True, but it's looking like we can just use the default handle
constructed by export_encode_fh(), namely (i_ino, i_generation,
parent->i_ino, parent->i_generation). None of those components should
change in a server reboot.
Also, my thinking now is that there's no reliable way to reconstruct
evicted inodes. I was going to drop that portion of the patch, and stick
to fixing reconnection of cached inodes to dentries. Clients who are
sensitive to ESTALE should mount with subtree_check (so that parent
information is included in the NFS file handles, increasing our ability
to reconnect), and either handle ESTALE at the application level, or via
patches such as Jeff Layton's series
(https://lkml.org/lkml/2012/6/29/381 - I will be testing this shortly).

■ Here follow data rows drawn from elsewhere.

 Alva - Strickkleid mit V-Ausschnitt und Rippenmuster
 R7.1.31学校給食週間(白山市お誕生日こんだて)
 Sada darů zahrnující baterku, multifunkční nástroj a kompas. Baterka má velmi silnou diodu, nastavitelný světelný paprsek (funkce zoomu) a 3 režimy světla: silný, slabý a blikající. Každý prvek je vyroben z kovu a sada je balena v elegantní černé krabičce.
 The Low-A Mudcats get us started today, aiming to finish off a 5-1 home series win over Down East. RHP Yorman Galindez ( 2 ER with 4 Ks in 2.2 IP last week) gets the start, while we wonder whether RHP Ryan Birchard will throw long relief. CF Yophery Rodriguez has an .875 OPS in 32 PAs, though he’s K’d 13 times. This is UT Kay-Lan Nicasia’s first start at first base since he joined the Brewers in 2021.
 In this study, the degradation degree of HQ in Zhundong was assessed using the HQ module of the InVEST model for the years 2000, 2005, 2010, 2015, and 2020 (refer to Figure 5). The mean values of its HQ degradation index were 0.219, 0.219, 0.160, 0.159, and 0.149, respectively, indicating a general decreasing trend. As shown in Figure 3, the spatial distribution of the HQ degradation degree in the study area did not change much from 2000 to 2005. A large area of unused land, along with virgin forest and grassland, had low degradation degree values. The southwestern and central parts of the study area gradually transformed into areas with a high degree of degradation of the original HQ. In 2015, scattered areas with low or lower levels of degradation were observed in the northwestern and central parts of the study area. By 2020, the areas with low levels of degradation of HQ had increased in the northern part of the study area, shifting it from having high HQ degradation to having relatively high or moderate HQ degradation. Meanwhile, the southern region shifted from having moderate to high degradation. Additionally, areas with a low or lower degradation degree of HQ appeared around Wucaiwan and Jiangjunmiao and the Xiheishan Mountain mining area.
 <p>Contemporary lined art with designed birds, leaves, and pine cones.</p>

> > Do you have any objection to making the use of a directory logstart
> > cache a mount option that defaults to off? It seems a shame to penalize
> > everyone - particularly embedded systems - with the overhead of such a
> > cache when FAT-backed-NFS seems to be such a small percentage of use
> > cases.
>
> I'm not sure what did it mean. It means to remove i_logstart from NFS
> file handle?
I am proposing to remove i_logstart from the file handle but what I was
asking here is whether the population of the new logstart index you've
proposed could be optional.
Maybe it's time to post a new spin of the patch so we are all talking
about the same concrete thing.
------------------------------------------------------------------------
Steven J. Magnani "I claim this network for MARS!
www.digidescorp.com Earthling, return my space modulator!"